Por su parte, la autora señala la personal toma de conciencia de Elizabeth acerca de la naturaleza inherente a todos los seres humanos; es decir, fijando su condición depredadora, sangrienta y “monstruosa”, lo que la convierte, antes de su deceso, en otra víctima de dicha naturaleza (¿venganza personal o necesidad cósmica?).

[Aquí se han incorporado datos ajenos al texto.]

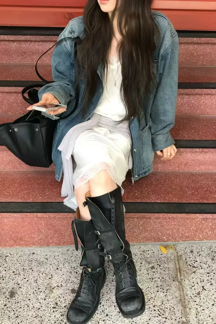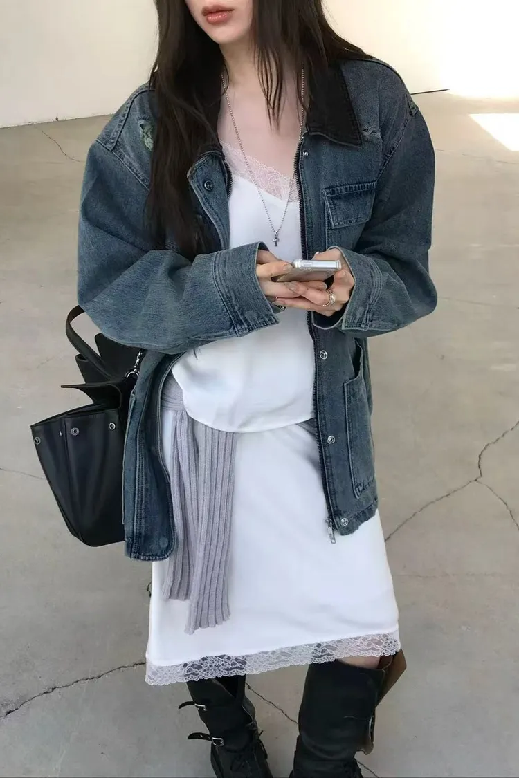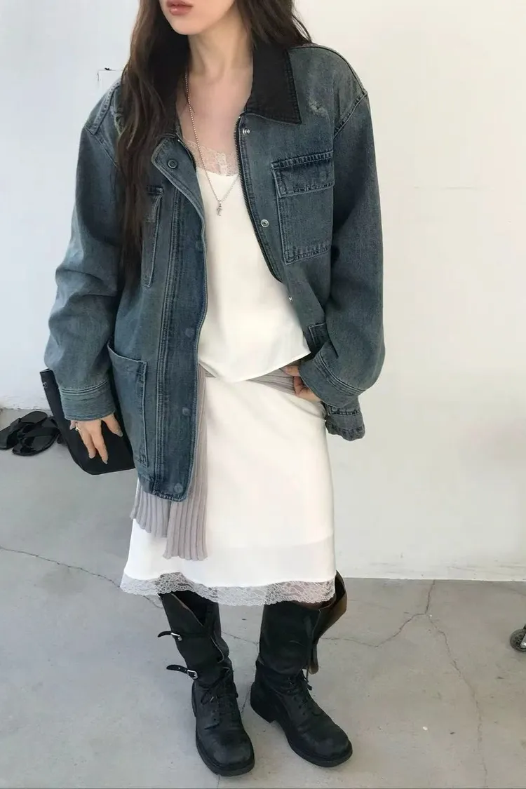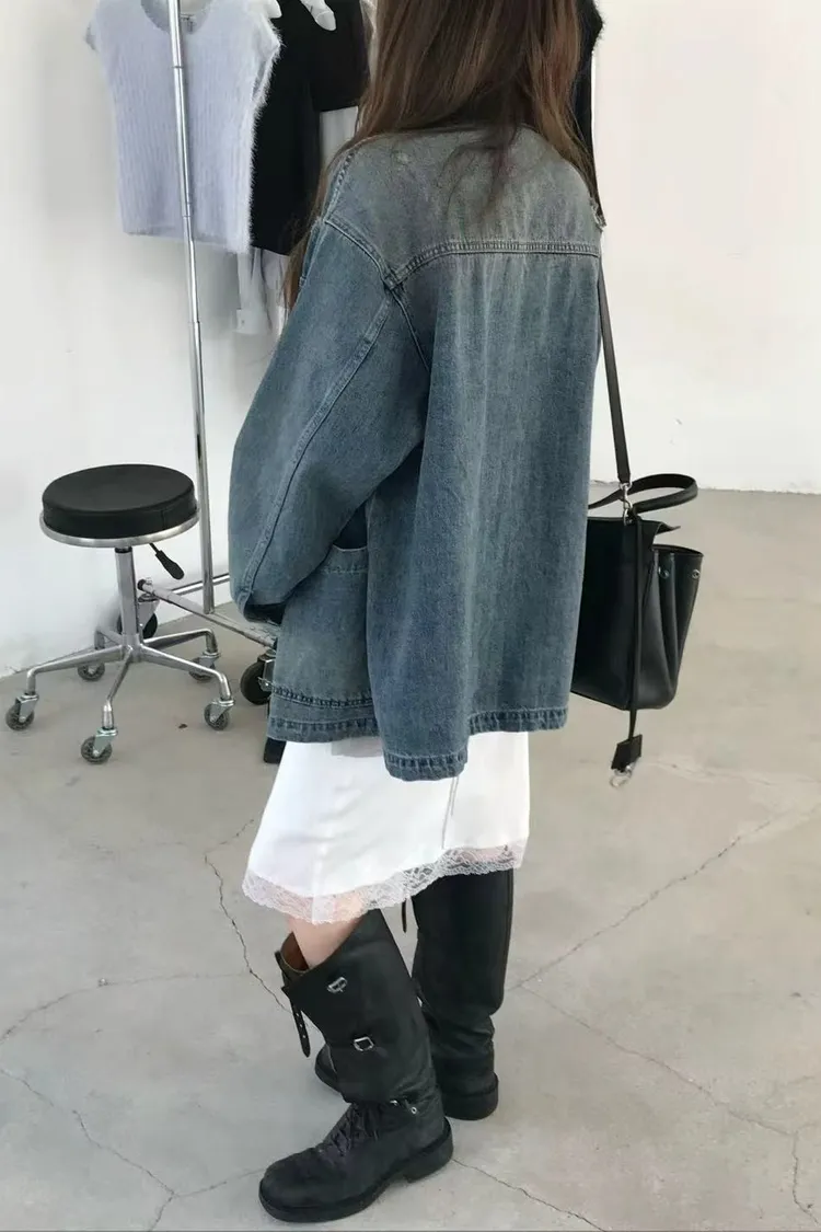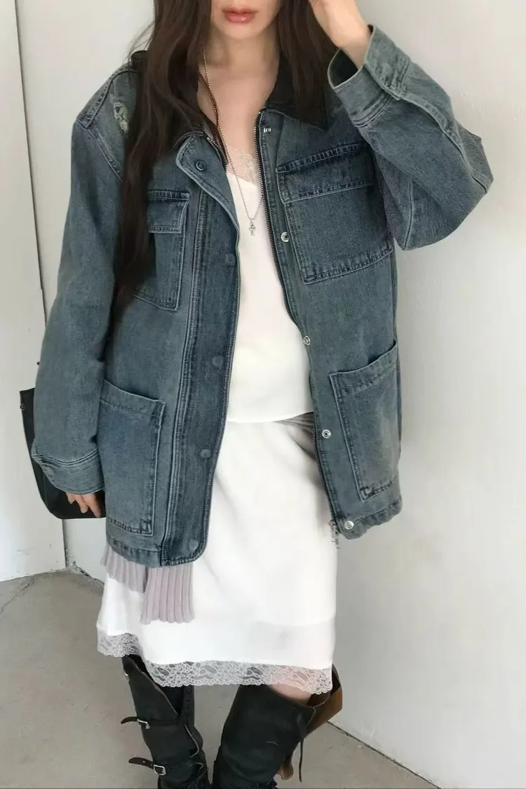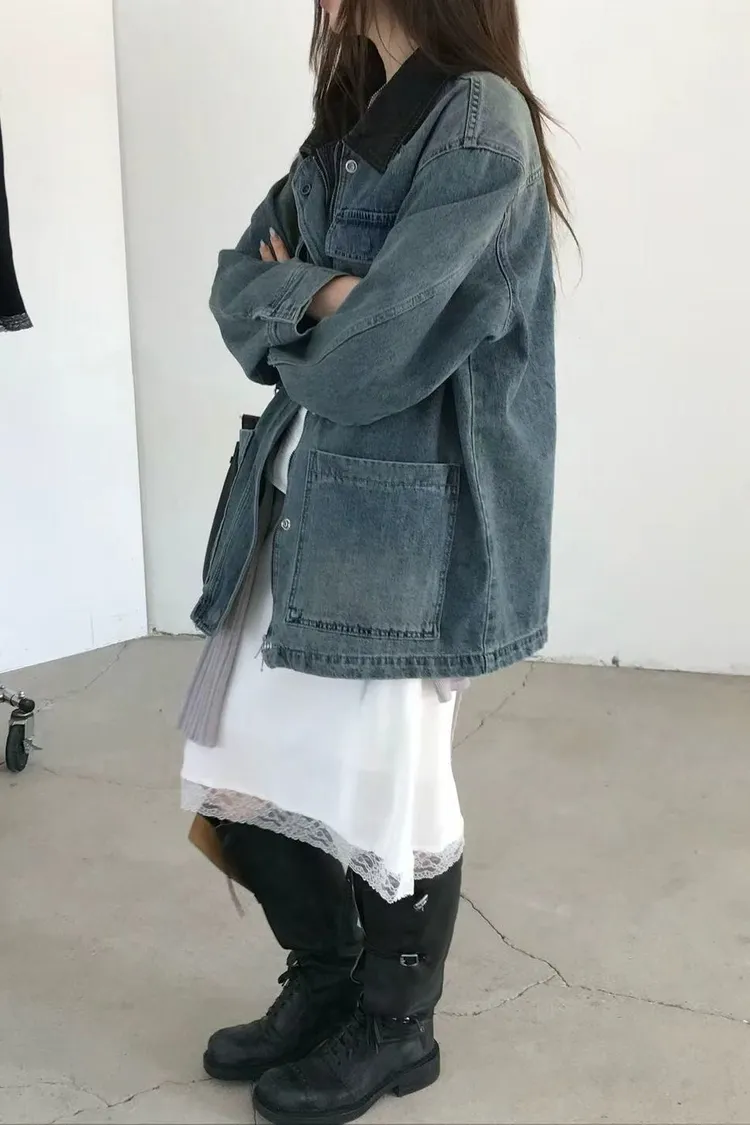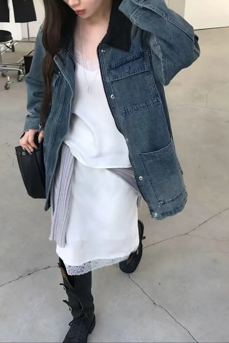 韓國連線款 時尚 中長版翻領大口袋牛仔外套 百搭外套
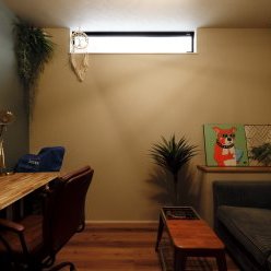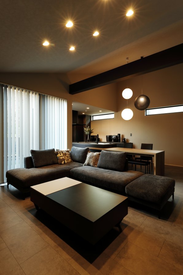 片流れ屋根の大らかなフォルムに、スリットのような図形が重なる外観デザイン。玄関ドアを開けると、モールテック塗りと木で造作された「絵になる階段」が現れます。踊り場の窓から差し込む光に包まれて2階へと進むと、勾配天井の大空間LDK。間接照明が引き立てるTV背面の塗り壁は、2面をアールで繋いで、より一層の広がりを生み出しています。またN様ご夫妻のご要望は、わんちゃんと暮らす家。リビング一角に設けた2匹の愛犬スペースは、地窓から外の景色を楽しめるこの家の一等地です。人も犬ものびのび暮らしつつ、生活感に埋もれないノイズレスなお住まいができました。
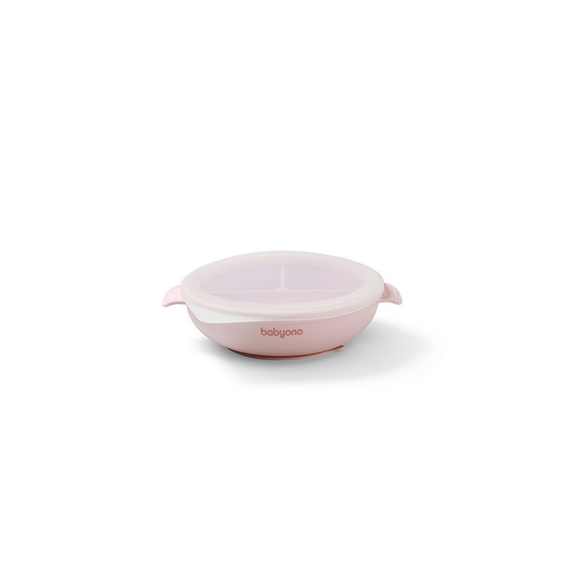 Silikonový talíř s přísavkou a víčkem babyono růžová
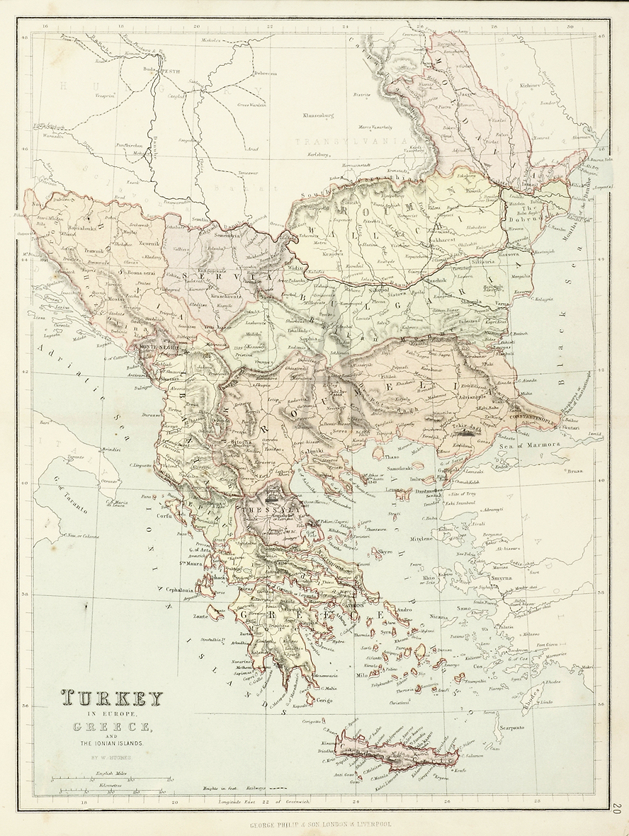 Turkey in Europe, Greece, and the Ionian Islands. - Antique Map from 1878

En el último volumen en que se divide el libro, asistimos al compungido periplo de Víctor Frankenstein por Inglaterra, en compañía de su amigo médico Henry Clerval. La segunda creación, a instancias de la Criatura, acontece en las apartadas islas Orcadas, en la costa septentrional de Escocia; al igual que su destino, con la Criatura observando desde el ventanal y jurando venganza (III: III). Seguidamente, Víctor es acusado en Irlanda de la muerte de otra persona, aunque luego es absuelto (III: IV). De lo que no se libra Frankenstein es de vivir preso de la angustia, de aquello que puede acontecer en cualquier momento: sus pensamientos abruman al lector a lo largo de casi toda la obra. Unas aprensiones que oculta a sus allegados, hasta que resulta demasiado tarde. Así, pese a que Víctor se sincera con un magistrado sin éxito (III: VI), el explorador Robert Walton concluye que desconoce los sentimientos de aquel a quien perseguía (III: VII).